### Problem requirements
The line with "ПоМарте сделали анализы" marks the first line to copy, and the line with "Tutina per neonata" marks the last. Transcribe that stretch of the data below exactly, without pictures.

### Data supplied
··········

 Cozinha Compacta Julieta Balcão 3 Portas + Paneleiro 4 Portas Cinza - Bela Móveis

··········

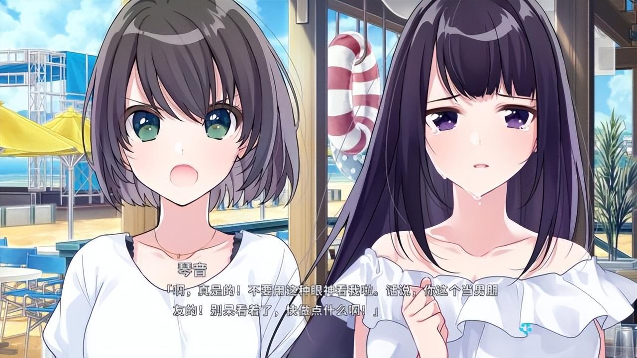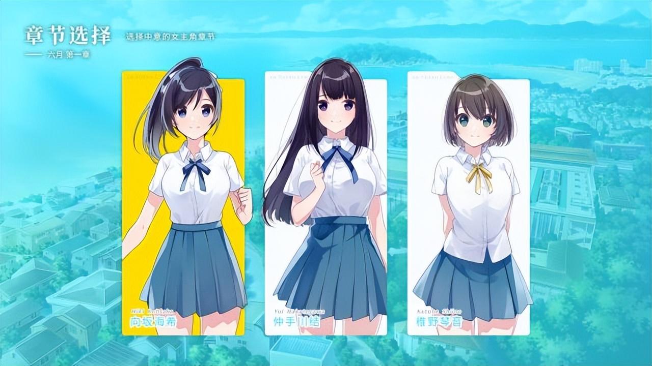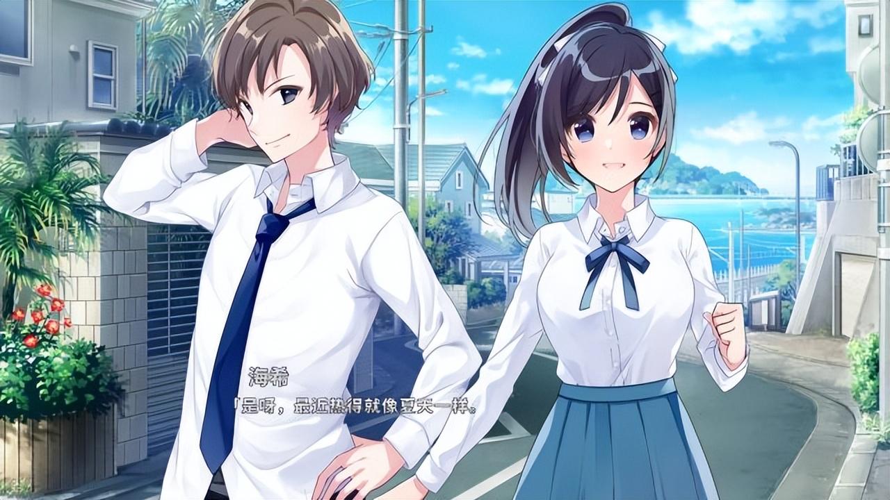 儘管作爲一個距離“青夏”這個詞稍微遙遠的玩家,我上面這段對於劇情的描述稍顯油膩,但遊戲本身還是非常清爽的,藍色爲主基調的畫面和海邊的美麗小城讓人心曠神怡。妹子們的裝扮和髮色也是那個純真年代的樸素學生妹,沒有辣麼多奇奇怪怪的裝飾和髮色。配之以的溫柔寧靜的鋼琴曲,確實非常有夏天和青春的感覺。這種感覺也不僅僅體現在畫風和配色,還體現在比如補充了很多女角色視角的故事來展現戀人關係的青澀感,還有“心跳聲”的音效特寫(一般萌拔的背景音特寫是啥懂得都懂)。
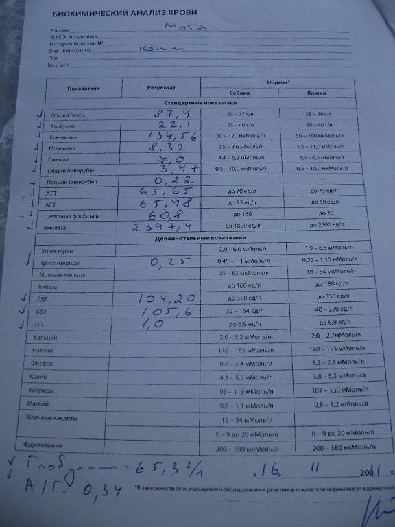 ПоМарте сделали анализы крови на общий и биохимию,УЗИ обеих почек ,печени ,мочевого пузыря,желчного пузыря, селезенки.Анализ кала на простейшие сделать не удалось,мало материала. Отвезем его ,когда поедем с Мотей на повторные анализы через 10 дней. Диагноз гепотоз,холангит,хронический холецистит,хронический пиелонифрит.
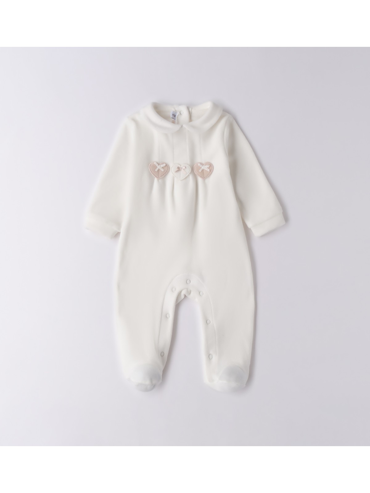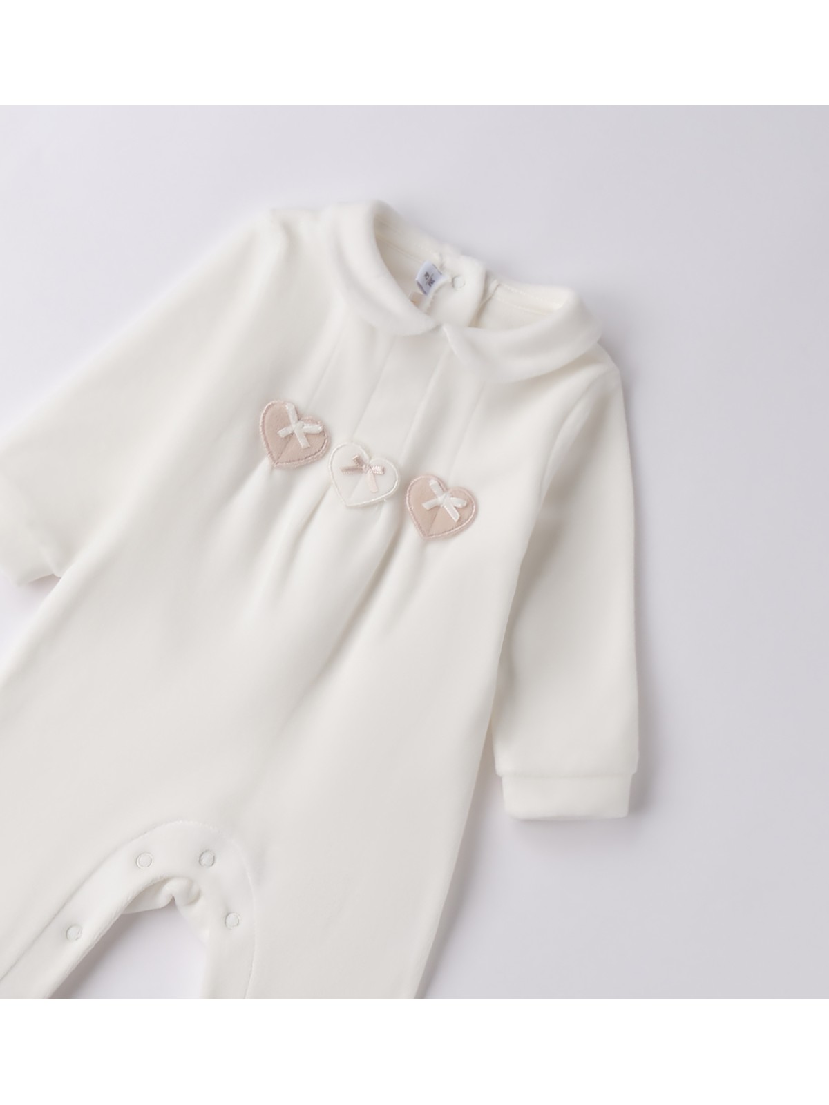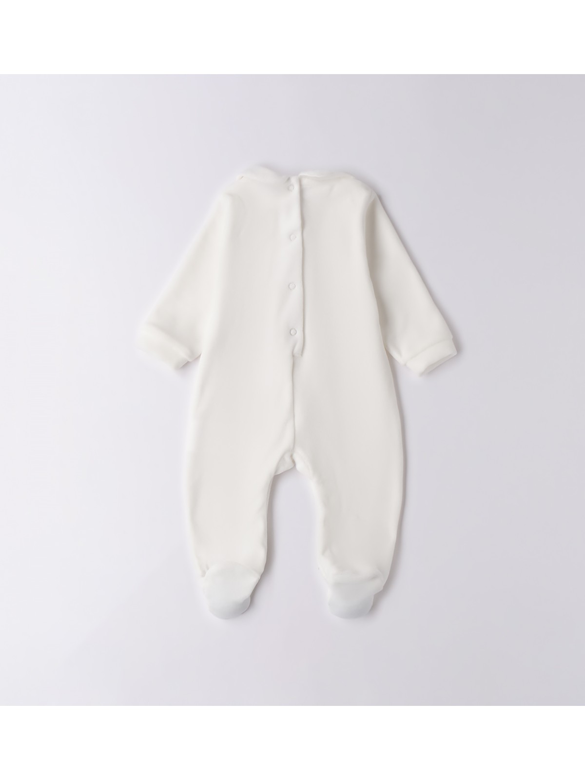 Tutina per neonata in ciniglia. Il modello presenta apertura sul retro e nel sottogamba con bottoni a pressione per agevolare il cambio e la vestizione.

··········

### Result of the task
 ПоМарте сделали анализы крови на общий и биохимию,УЗИ обеих почек ,печени ,мочевого пузыря,желчного пузыря, селезенки.Анализ кала на простейшие сделать не удалось,мало материала. Отвезем его ,когда поедем с Мотей на повторные анализы через 10 дней. Диагноз гепотоз,холангит,хронический холецистит,хронический пиелонифрит.
 Tutina per neonata in ciniglia. Il modello presenta apertura sul retro e nel sottogamba con bottoni a pressione per agevolare il cambio e la vestizione.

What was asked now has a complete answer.